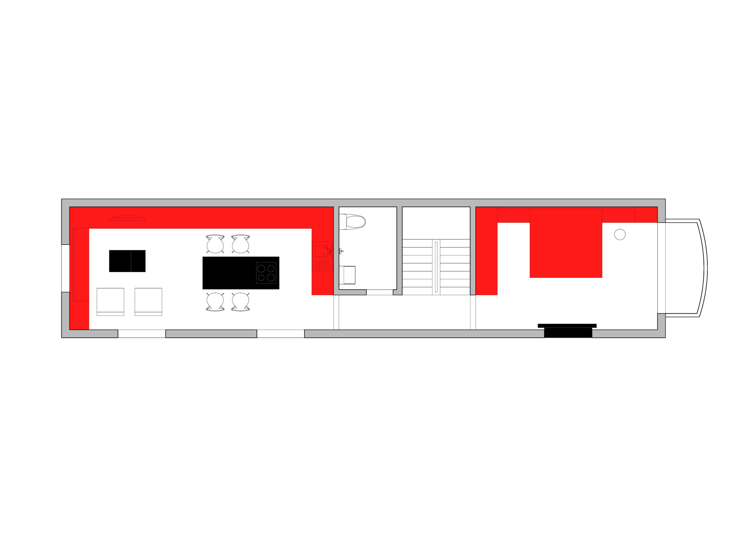 Bức tường giữa hai buồng phía trong được loại bỏ. Hai buồng này được chuyển đổi thành không gian sinh hoạt chung. Buồng phía ngoài đường trở thành phòng ngủ.
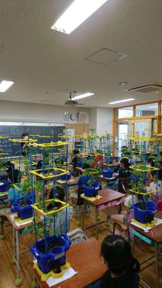 昨日の2年生です。教室でトマトの観察をしていました。これまでも、鉢を教室に運んで、それぞれの机で観察する様子を見ていましたが、支柱が立つとまた景色が変わります。教室中に、支柱が林立する様子は、ジャングルを思わせます。なかなかの光景です。
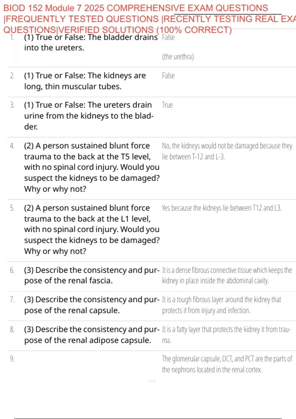 5. (2) A person sustained blunt force Yes because the kidneys lie between T12 and L3.
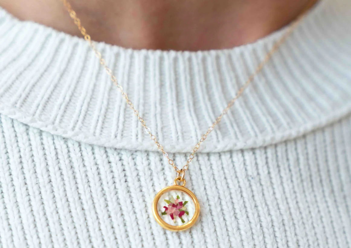 Send in a photo of your mom’s wedding bouquet or meaningful blooms and Pressed Floral will recreate it withrealfragments of flowers into a perfect pendant--So she can cherish, love and reminisce on the memories created on her wedding day.
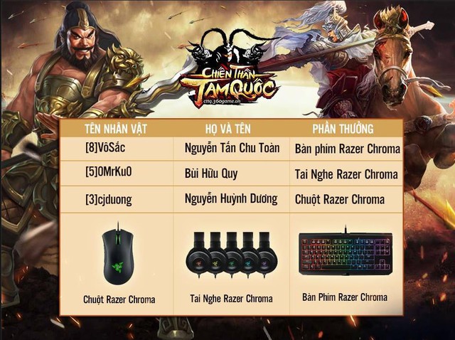 Bàn phím, tai nghe, chuột máy tính Razer đã thuộc về khách hàng may mắn là nhân vật VôSắc – S1, nhân vật 0MrKu0 – S5 và nhân vật cjduong – S3. Đây chắc hẳn là một điều khó quên trong một ngày đáng nhớ với 3 người chơi may mắn, ai lừa ai mặc ai, Chiến Thần Tam Quốc luôn luôn thật.
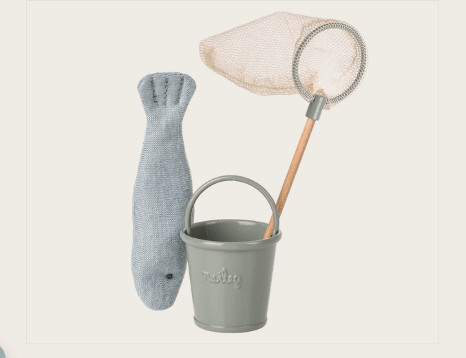 Detailverliebtes Design: Wie von Maileg gewohnt, besticht jedes Teil durch seine authentische Optik – vom Holzgriff des Netzes bis zum glänzenden Eimer.
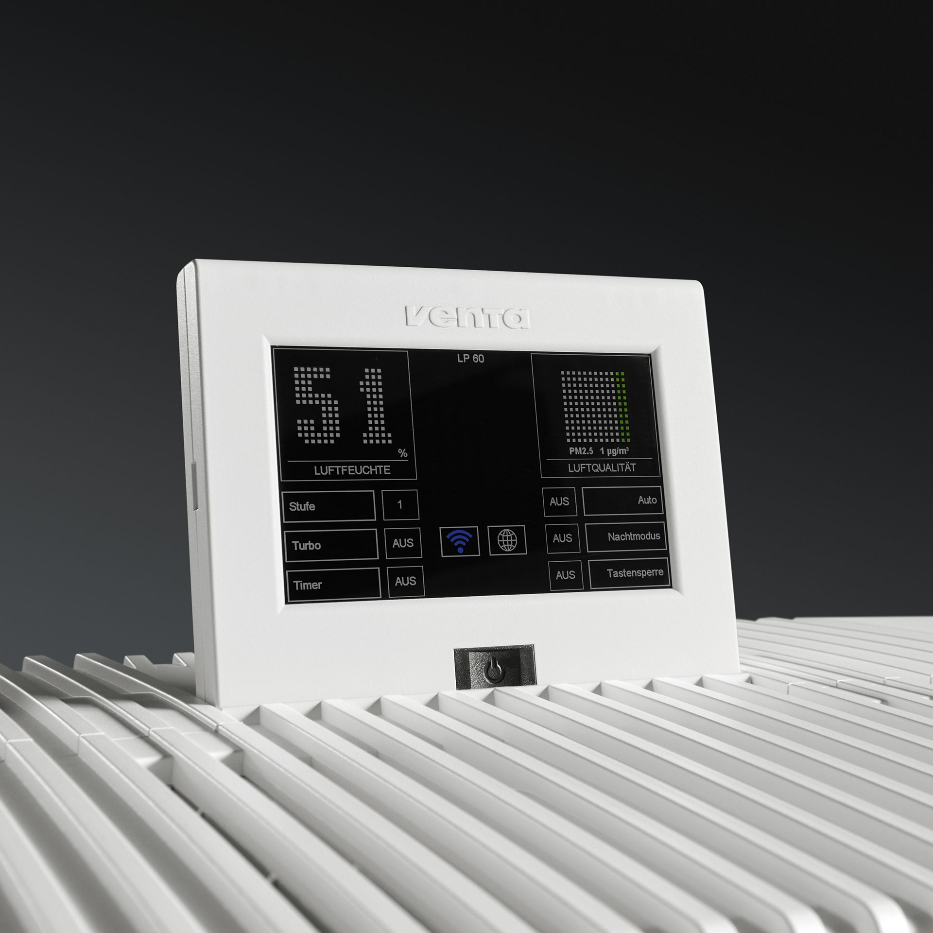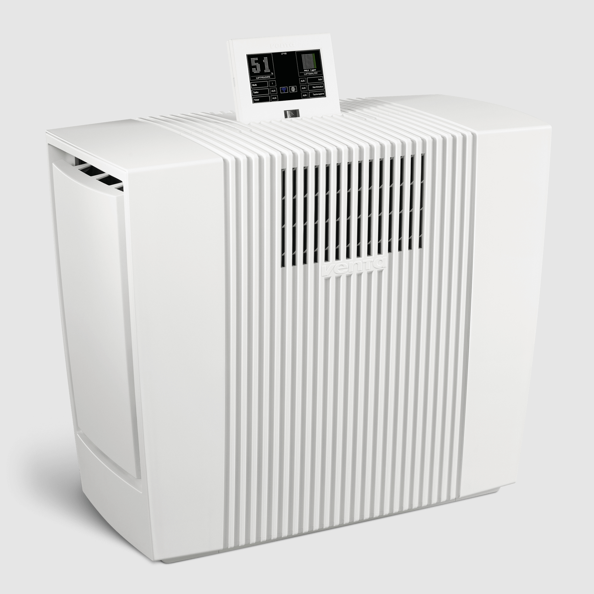 Venta LP60 WiFi luchtreiniger voor grote ruimtes. Met WiFi voor bediening op afstand via een app. Met de Venta LP60 WiFi Luchtreiniger wordt het assortiment Venta apparaten uitgebreid met een wereldprimeur. Door de Venta Dual-Filter technologie is deze slimme luchtreiniger met een filterrendement van 99,95 % sterker dan alle anderen. Zelfs virussen met een grootte van 0,07 micron hebben geen schijn van kans. Het VENTAcel Nelior filter (H13 volgens EN1822) zorgt er bijvoorbeeld voor dat zelfs griepvirussen in de lucht worden verwijderd. Geen enkele vergelijkbare luchtreiniger op de markt is daartoe in staat! De Venta LP60 Luchtreiniger ontdoet de lucht in ruimten tot 75 m² snel en effectief van onder andere bacteriën, virussen, pollen en schimmelsporen. De Venta LP60 Luchtreiniger verwijdert naast sigarettenrook ook andere gasvormige substanties en chemicaliën uit de lucht. Unieke prestaties. Uniek verbruik en ook nog eens uniek stil Hoewel de Venta LP60 Luchtreiniger buitengewoon krachtig reinigt, is hij ook nog eens bijzonder duurzaam. Hij wordt geproduceerd met 100% groene stroom, is 100% recyclebaar en ligt ook bij het energieverbruik aan de top; op stand 1 verbruikt hij slechts 7 Watt. De energiekosten komen daarmee op ca. € 20,- per jaar. Hij is 19 dB(A) (op stand 1) en in tegenstelling tot de concurrentie ook echt fluisterstil. Geen enkel apparaat van de concurrentie komt hierbij in de buurt. Ook de aromafunctie met de nieuwe Venta Aroma capsules is uniek ten opzichte van de concurrentie. En het design? Dat heeft zelfs een prijs verdiend; de Venta LP60 Luchtreiniger is namelijk onderscheiden met de 'Reddot' Award 2017. Daarnaast is deze wereldprimeur bijzonder eenvoudig te bedienen. Dankzij WiFi kan de Venta LP60 WiFi op elk moment vanaf elke locatie met de kosteloze Venta app (iOS/Android) op afstand worden bediend. Fluisterstil en zeer krachtig Nieuwe unieke Venta Dual-Filter technologie 99,95% filtratie-efficiëntie Effectief tegen pollen, huisstof, huisstofmijt, sigarettenrook Effectief tegen deeltjes tot een grootte van 0,07 micron – zelfs tegen griepvirussen Zeer krachtig en stil tegelijk Laag energieverbruik (op stand 1 slechts 7 Watt = ca. € 20/jaar) Met interactieve touchscreen en afstandsbediening Met WiFi voor bediening op afstand via een kosteloze app (Android/iOS)
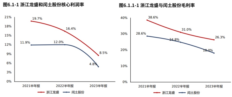 浙江龙盛2023半年报较2022半年报核心利润率的降低主要源于毛利率的降低。浙江龙盛2023半年报毛利率26.32%,与2022半年报相比,毛利率下滑4.72个百分点,毛利率降低。
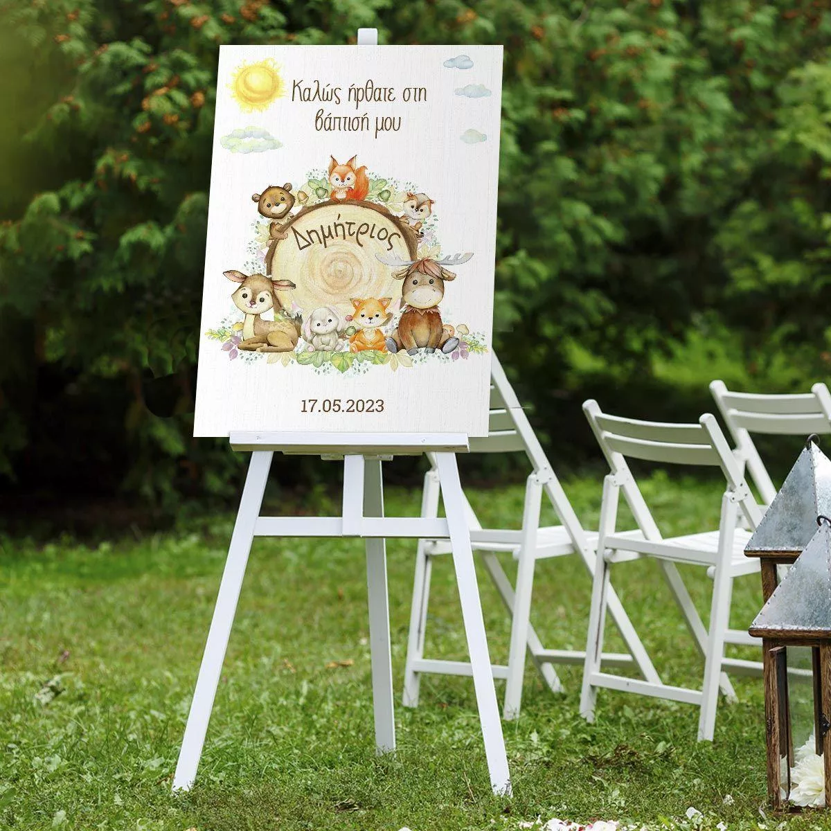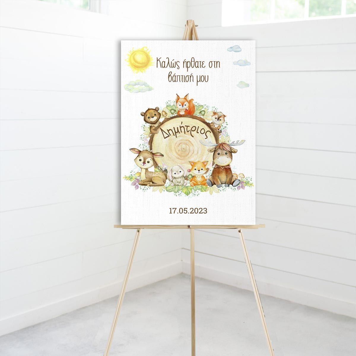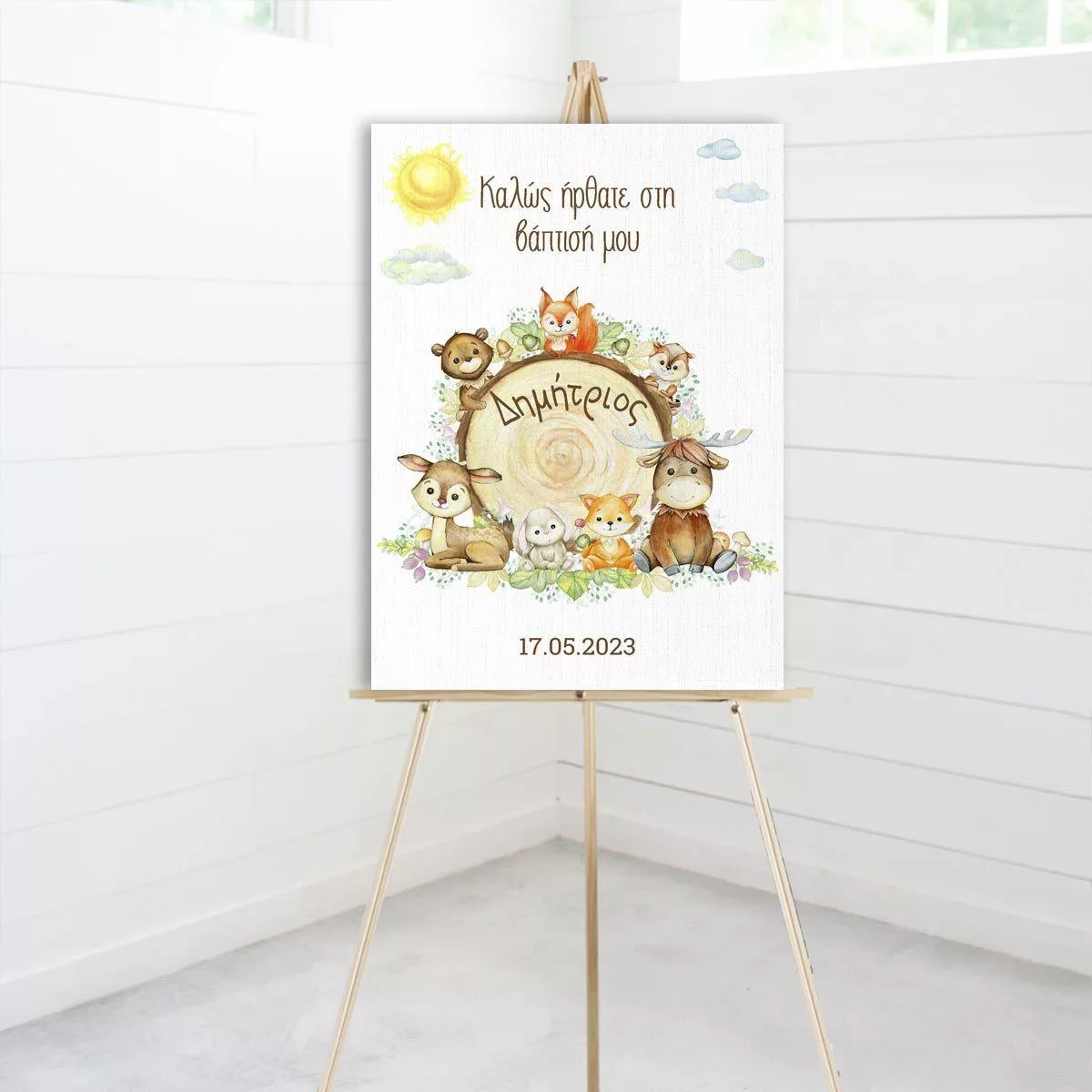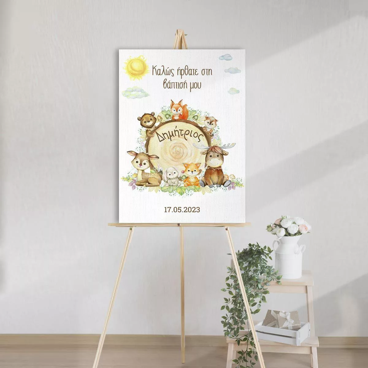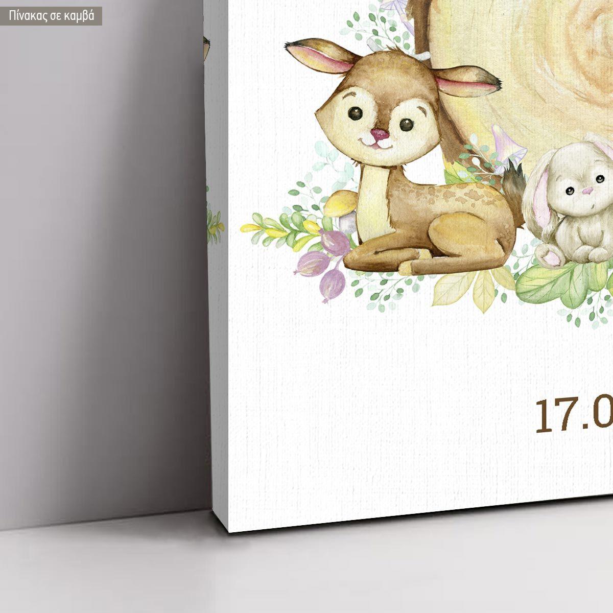Πίνακας σε καμβά υποδοχής βάπτισης, Ζωάκια του δάσους σε κορμό, ζωγραφιστά
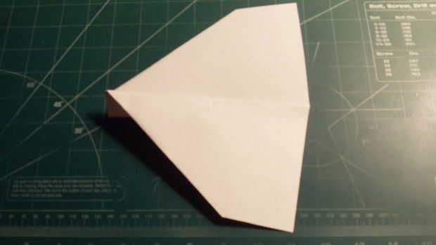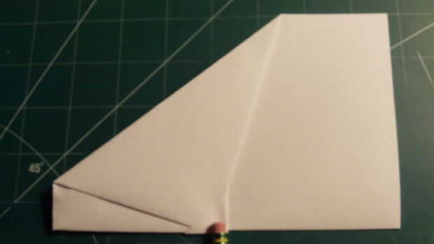 Plegar el plano a lo largo de su centro. Luego doble el ala hacia abajo, así que la raíz va desde el borde interior del doblez del barrido a la parte posterior de la tapa de centro.

──────

(REQUIRED ACTION) Your task is to repeat the opening line of the entries above and each line after it, ending with the line that has "5. (2) A person". Do not include the pictures.

(ANSWER BOX)
 Bức tường giữa hai buồng phía trong được loại bỏ. Hai buồng này được chuyển đổi thành không gian sinh hoạt chung. Buồng phía ngoài đường trở thành phòng ngủ.
 昨日の2年生です。教室でトマトの観察をしていました。これまでも、鉢を教室に運んで、それぞれの机で観察する様子を見ていましたが、支柱が立つとまた景色が変わります。教室中に、支柱が林立する様子は、ジャングルを思わせます。なかなかの光景です。
 5. (2) A person sustained blunt force Yes because the kidneys lie between T12 and L3.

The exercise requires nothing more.